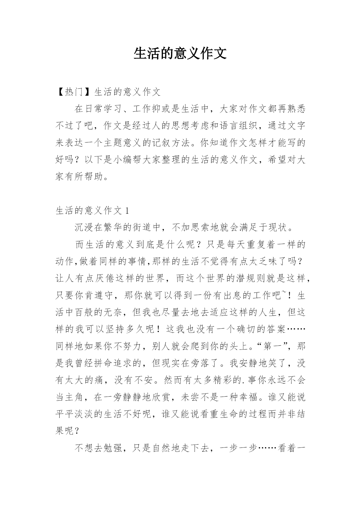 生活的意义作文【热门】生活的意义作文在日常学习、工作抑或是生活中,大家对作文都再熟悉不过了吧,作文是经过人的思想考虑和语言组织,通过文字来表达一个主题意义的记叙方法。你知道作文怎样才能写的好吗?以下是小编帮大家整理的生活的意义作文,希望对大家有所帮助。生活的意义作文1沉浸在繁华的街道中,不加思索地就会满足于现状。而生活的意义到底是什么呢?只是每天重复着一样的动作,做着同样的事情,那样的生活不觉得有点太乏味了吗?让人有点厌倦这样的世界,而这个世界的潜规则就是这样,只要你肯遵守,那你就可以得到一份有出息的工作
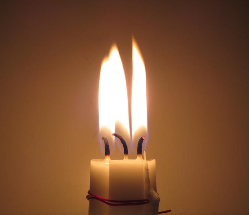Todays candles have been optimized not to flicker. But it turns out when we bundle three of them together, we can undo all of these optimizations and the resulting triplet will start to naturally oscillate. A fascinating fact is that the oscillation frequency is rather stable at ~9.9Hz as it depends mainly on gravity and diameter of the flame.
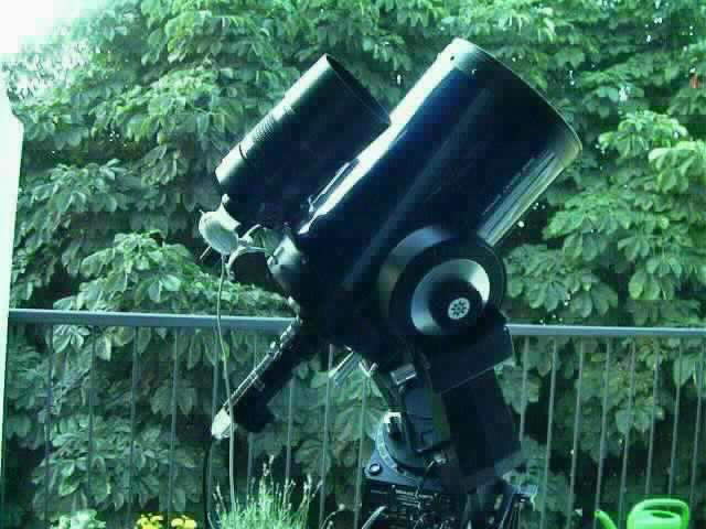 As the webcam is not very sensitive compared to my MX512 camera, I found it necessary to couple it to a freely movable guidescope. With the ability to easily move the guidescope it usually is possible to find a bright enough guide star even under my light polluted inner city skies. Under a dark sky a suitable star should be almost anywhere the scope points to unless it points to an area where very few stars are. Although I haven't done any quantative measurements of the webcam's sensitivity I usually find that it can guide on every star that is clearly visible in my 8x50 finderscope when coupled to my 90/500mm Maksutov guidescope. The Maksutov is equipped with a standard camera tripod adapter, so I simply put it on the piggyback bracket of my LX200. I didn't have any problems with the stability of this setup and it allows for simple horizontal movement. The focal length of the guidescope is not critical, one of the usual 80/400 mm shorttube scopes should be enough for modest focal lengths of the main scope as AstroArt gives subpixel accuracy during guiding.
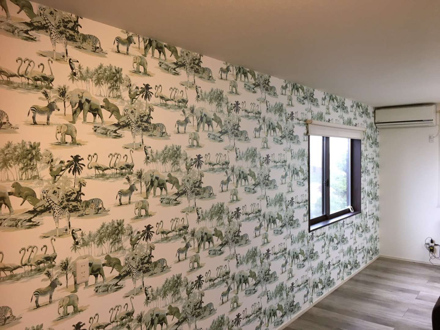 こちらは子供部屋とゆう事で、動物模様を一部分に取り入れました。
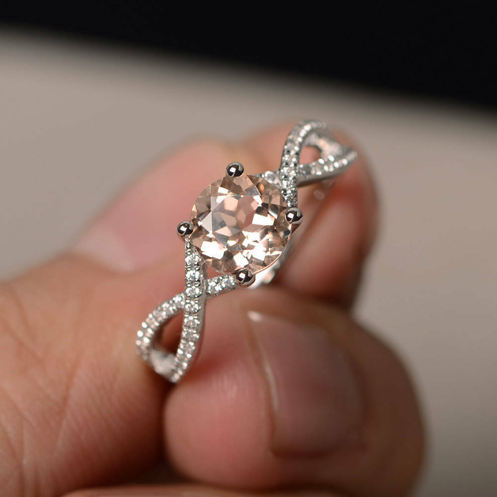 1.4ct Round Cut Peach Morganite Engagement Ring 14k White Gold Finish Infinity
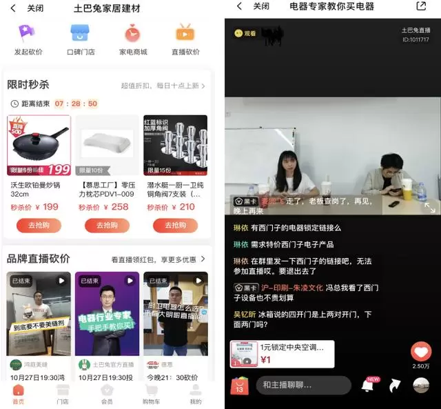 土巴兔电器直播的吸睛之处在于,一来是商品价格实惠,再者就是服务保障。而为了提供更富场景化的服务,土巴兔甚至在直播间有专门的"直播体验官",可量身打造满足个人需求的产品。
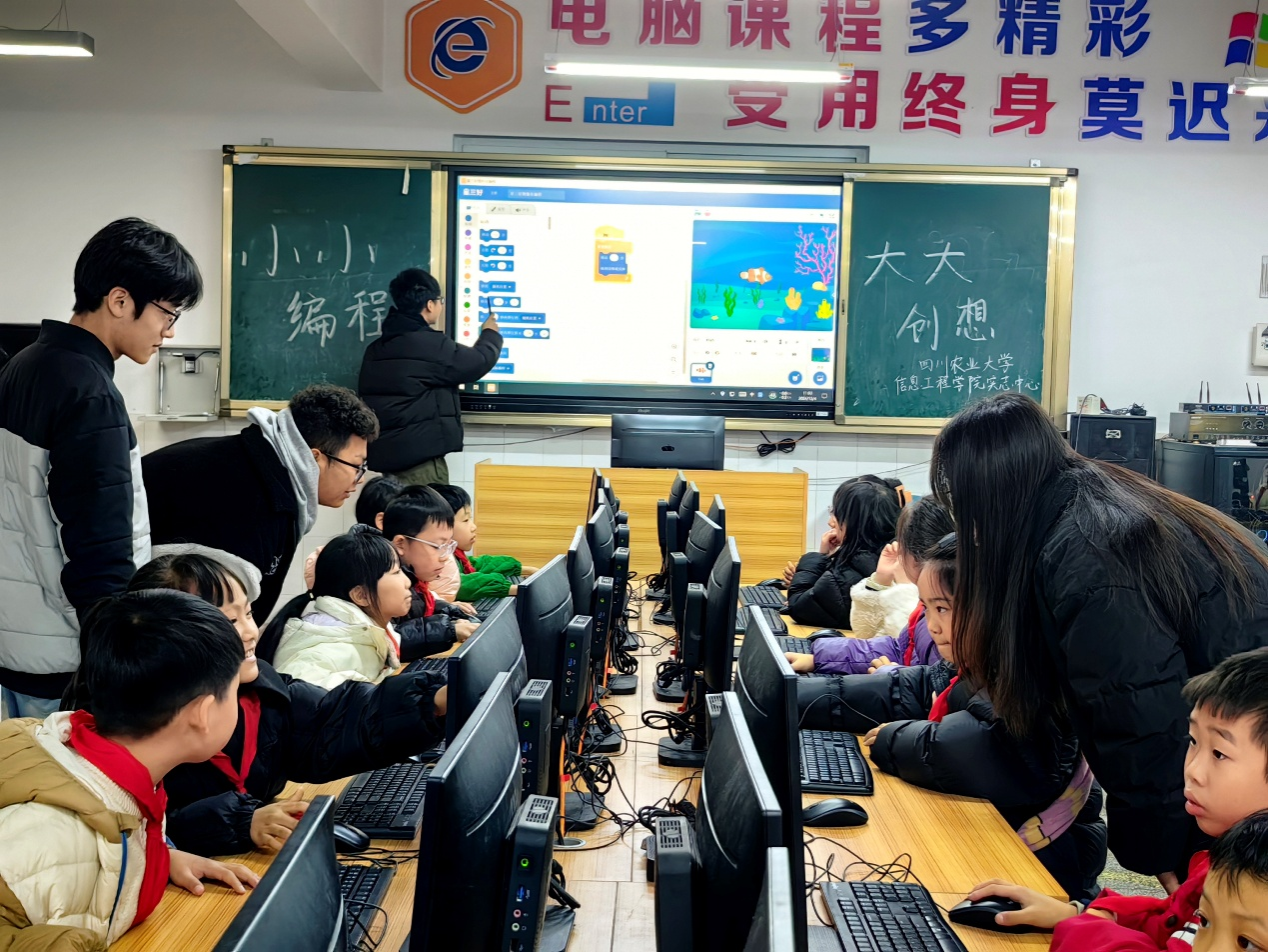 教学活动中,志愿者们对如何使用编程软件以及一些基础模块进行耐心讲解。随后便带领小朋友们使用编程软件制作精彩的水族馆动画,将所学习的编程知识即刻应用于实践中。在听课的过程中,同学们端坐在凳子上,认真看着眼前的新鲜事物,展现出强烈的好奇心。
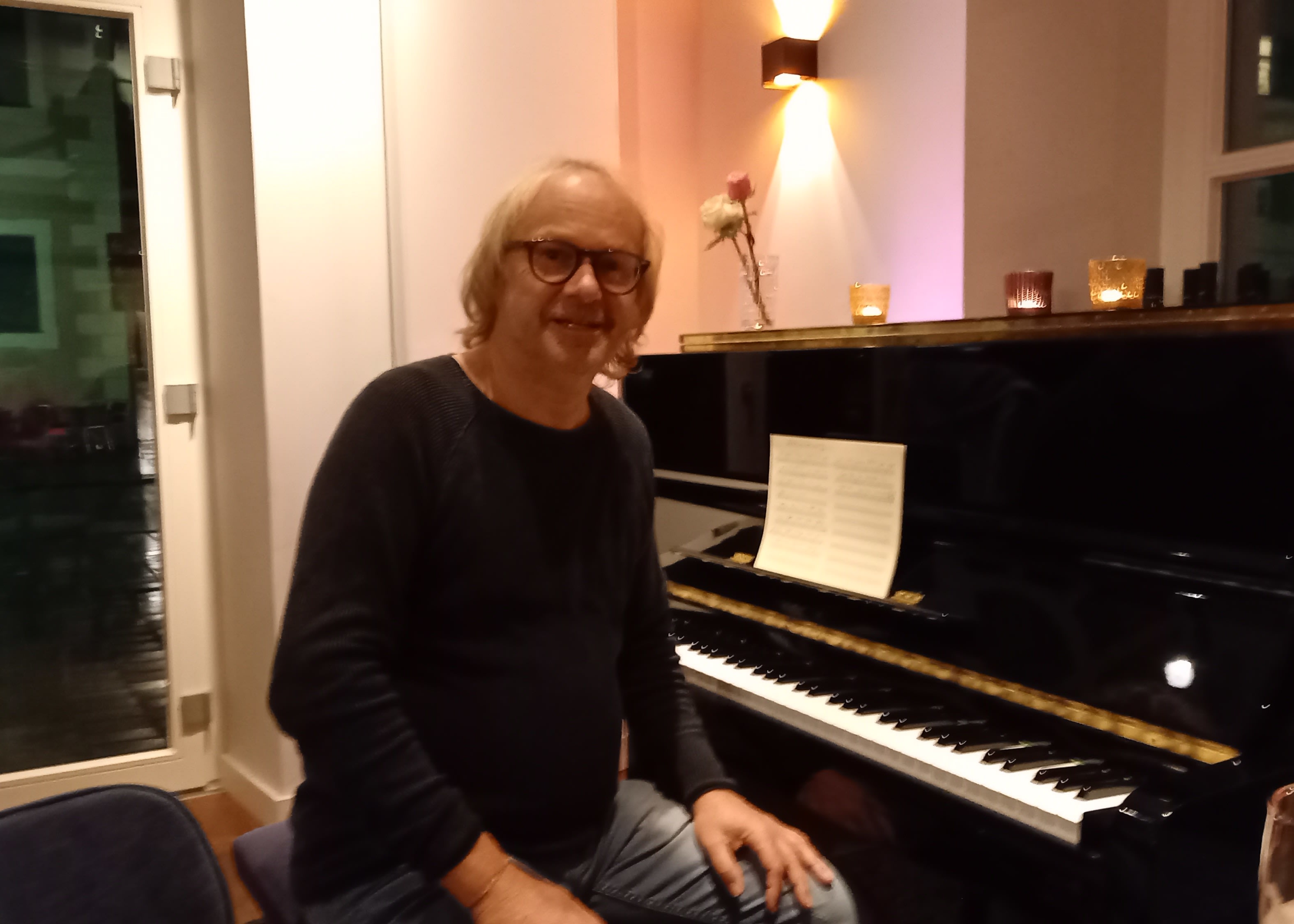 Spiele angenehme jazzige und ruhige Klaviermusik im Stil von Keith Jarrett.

**WHAT TO PRODUCE:**
Restate the entries verbatim and exclude any pictures.

**ANSWER TO THIS PROBLEM:**
 生活的意义作文【热门】生活的意义作文在日常学习、工作抑或是生活中,大家对作文都再熟悉不过了吧,作文是经过人的思想考虑和语言组织,通过文字来表达一个主题意义的记叙方法。你知道作文怎样才能写的好吗?以下是小编帮大家整理的生活的意义作文,希望对大家有所帮助。生活的意义作文1沉浸在繁华的街道中,不加思索地就会满足于现状。而生活的意义到底是什么呢?只是每天重复着一样的动作,做着同样的事情,那样的生活不觉得有点太乏味了吗?让人有点厌倦这样的世界,而这个世界的潜规则就是这样,只要你肯遵守,那你就可以得到一份有出息的工作
Todays candles have been optimized not to flicker. But it turns out when we bundle three of them together, we can undo all of these optimizations and the resulting triplet will start to naturally oscillate. A fascinating fact is that the oscillation frequency is rather stable at ~9.9Hz as it depends mainly on gravity and diameter of the flame.
 As the webcam is not very sensitive compared to my MX512 camera, I found it necessary to couple it to a freely movable guidescope. With the ability to easily move the guidescope it usually is possible to find a bright enough guide star even under my light polluted inner city skies. Under a dark sky a suitable star should be almost anywhere the scope points to unless it points to an area where very few stars are. Although I haven't done any quantative measurements of the webcam's sensitivity I usually find that it can guide on every star that is clearly visible in my 8x50 finderscope when coupled to my 90/500mm Maksutov guidescope. The Maksutov is equipped with a standard camera tripod adapter, so I simply put it on the piggyback bracket of my LX200. I didn't have any problems with the stability of this setup and it allows for simple horizontal movement. The focal length of the guidescope is not critical, one of the usual 80/400 mm shorttube scopes should be enough for modest focal lengths of the main scope as AstroArt gives subpixel accuracy during guiding.
 こちらは子供部屋とゆう事で、動物模様を一部分に取り入れました。
 1.4ct Round Cut Peach Morganite Engagement Ring 14k White Gold Finish Infinity
 土巴兔电器直播的吸睛之处在于,一来是商品价格实惠,再者就是服务保障。而为了提供更富场景化的服务,土巴兔甚至在直播间有专门的"直播体验官",可量身打造满足个人需求的产品。
 教学活动中,志愿者们对如何使用编程软件以及一些基础模块进行耐心讲解。随后便带领小朋友们使用编程软件制作精彩的水族馆动画,将所学习的编程知识即刻应用于实践中。在听课的过程中,同学们端坐在凳子上,认真看着眼前的新鲜事物,展现出强烈的好奇心。
 Spiele angenehme jazzige und ruhige Klaviermusik im Stil von Keith Jarrett.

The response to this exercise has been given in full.